The crew was almost all young, and the bar below deck was incredibly cheap. However, the reason it was so cheap was that most of the staff got paid almost nothing and had to do long stints in order to have their flight paid for.
I would fly down during holidays for cruises as short as one week and then get flown back. For me it wasn’t that different from being a passenger. I could eat in the same restaurants as the passengers and I also stayed in a normal cabin. We could order room service if we wanted. The parties were fun because everyone was there alone, so you got accepted pretty quick.
The down side was the blatant inequality for the staff from the Philippines. They were required to do 8 months work at a time with almost no time off, while I would be flown back and forth for a week simply because I was from Canada.
#9. It rolls downhill
I was a backstage technician from 2007-2009 for [a large cruise line].
I loved the job, I loved the people, but I hated the corporation. The company always made it difficult for those of us in entertainment to do our jobs and help the guests enjoy their cruise.
That said, I agree with what some of the other people are saying about their time on-board.
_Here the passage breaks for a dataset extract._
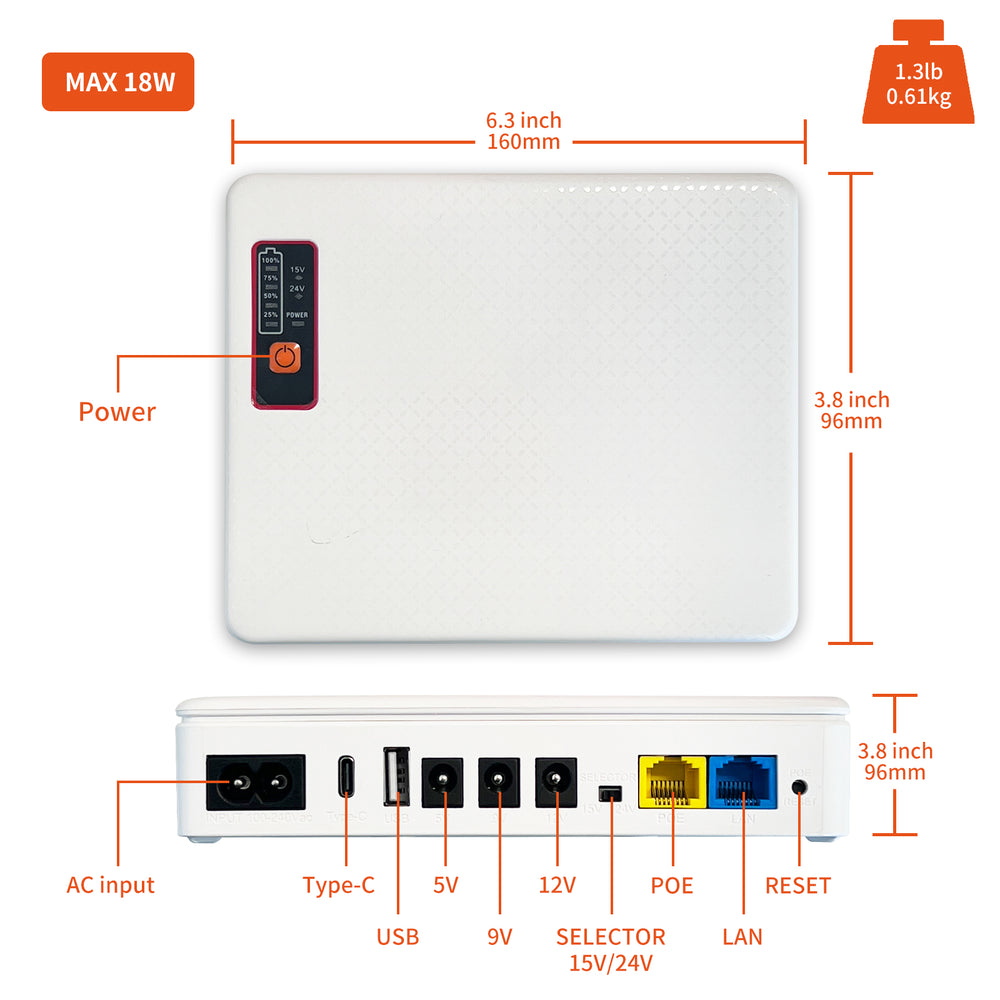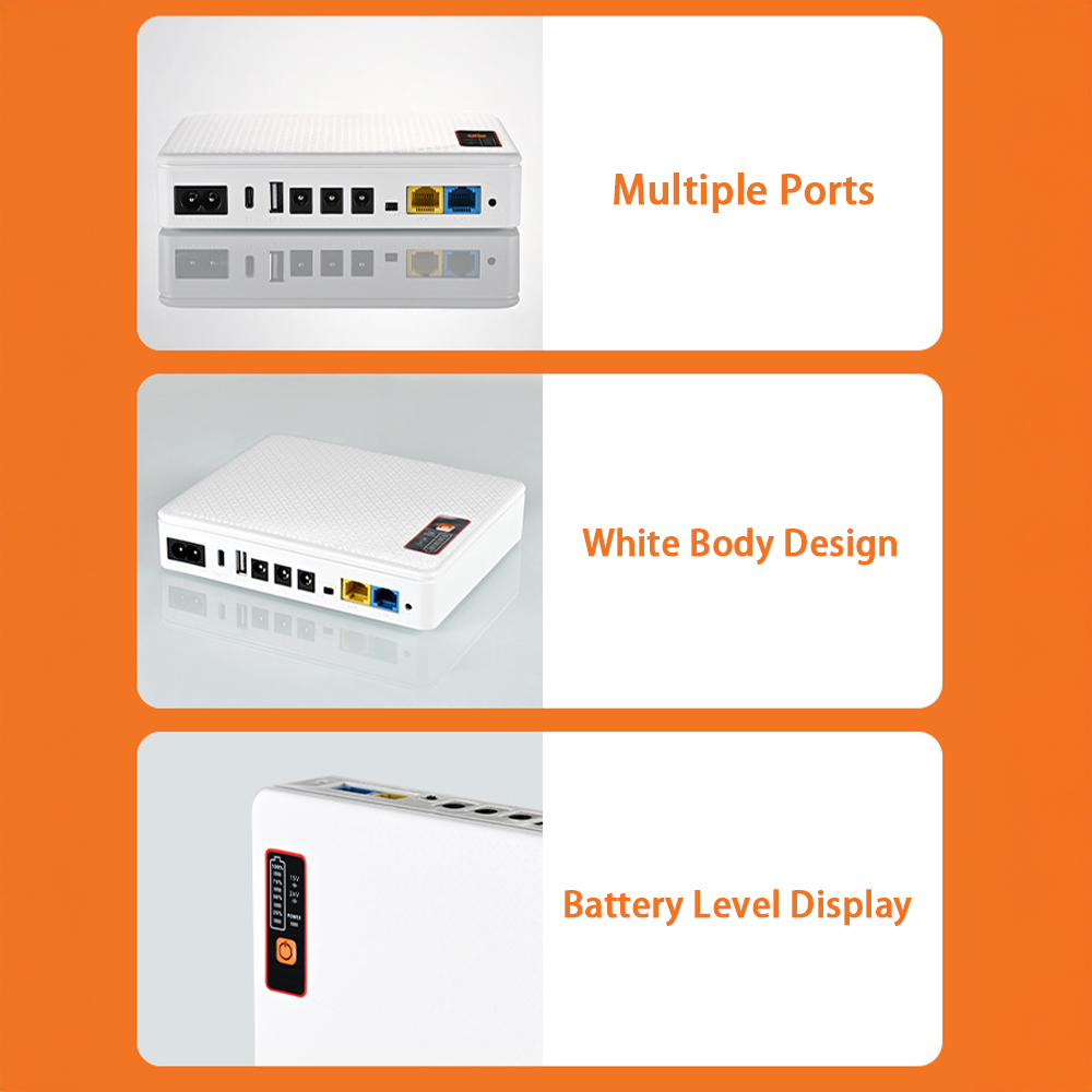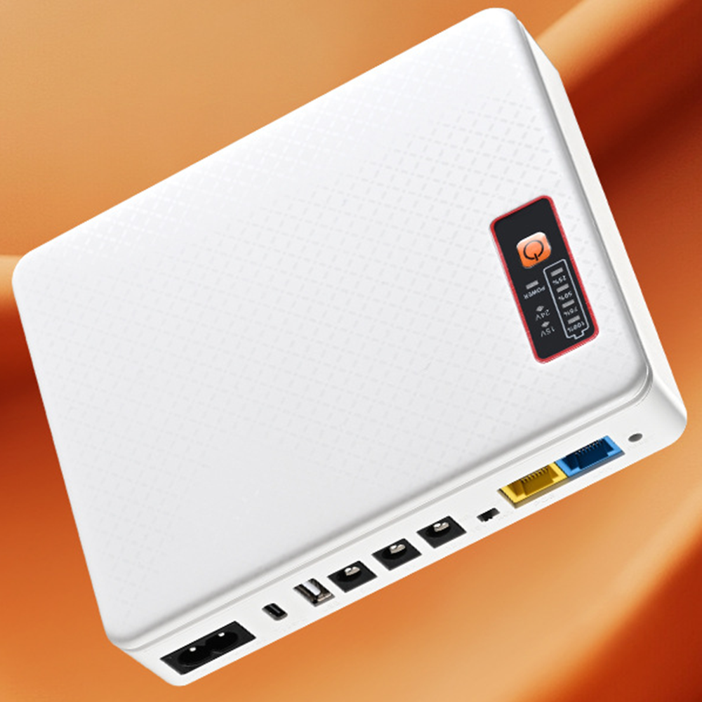 The Mini UPS is an integrated uninterruptible power supply designed to provide reliable emergency backup power during unexpected outages. With a built-in 12,000mAh rechargeable battery and a maximum output of 36W, it ensures essential devices such as routers, modems, IP security cameras, fingerprint scanners, switches, and LED light strips remain operational. The upgraded model supports both 15V and 24V Gigabit POE outputs, along with DC outputs (5V / 9V / 12V ⎓ 2A) and a USB 5V ⎓ 2A port, offering broad compatibility across various devices. Its RJ45 network port supports up to 100 Mbps, ensuring stable network performance even during power interruptions.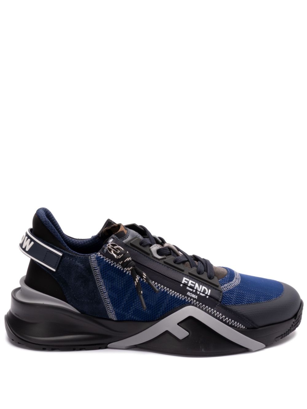 Fendi Flow sneakers Highlights - Blue - Front lace-up fastening - Side zip fastening - Pull-tab at the heel - Signature ff-pattern print Made in Italy Composition Outer: Calf Leather 100%, Polyamide 38%, Polyester 37%, Elastane 25% Lining: Recycled Polyester 100% Sole: Rubber 100%

It wasn’t so much like summer camp for me, it was more like a dorm at college.
I got up whenever, (it was a red letter day if I was awake in time for lunch), did some very basic work setting up a game show or turning on a microphone for the Shopping Specialist, and played a lot of video games until the evening’s show. I set up the evening’s show (helping to load pyro, checking/double checking all the machinery, etc), ran the show, and then struck/tied down all the set pieces. If there was no midnight comedy show, I went to the crew bar.
Crew/staff were definitely not allowed to ‘fraternize’ with the guests, but it certainly didn’t stop many people. I can’t say that I did personally (although there was a fetching lady that kept asking me back to her room, but once I found out how outrageously fake her I.D. was…), but I had a roommate that was the DJ at the discotheque, and it was a few times a week that he wouldn’t come back at his normal 4 am, stumbling drunk, slurring-at-the-top-of-his-voice bedtime.
Some of the darker stuff…let’s see…for starters, I hear that nearly all the live music is gone from ships due to it not bringing in any money. It’s kind of heartbreaking, I knew a lot of excellent musicians that likely were laid off, only to be replaced by canned music and karaoke.
As far as the officers, it was exceptionally rare that they were anything but raging jerks. There was your basic managerial nightmare-boss stuff, but there was other stuff, like security turning a blind eye to some of what they did.
I heard horror stories about crew members being beaten, threatened, stalked, etc. I didn’t see most of this firsthand, but a ship is a very small place, and word gets around.
Most of the higher officers had wives/kids at home, and nearly all of them had mistresses on-board. There was a time on one of my ships that the mistress was pretty pissed because the wife and kid came aboard for a visit, lasting maybe a month or two…
The crew was especially wary during that time, since shit has a habit of rolling downhill, and it did then, too.
To end on a high note, I should mention that my amateur-ish flirting did occasionally end well for me. Eventually, I met an amazing blonde woman that worked in the video production department.
To make a very long and happy story short, our 2 year wedding anniversary is coming up fairly soon.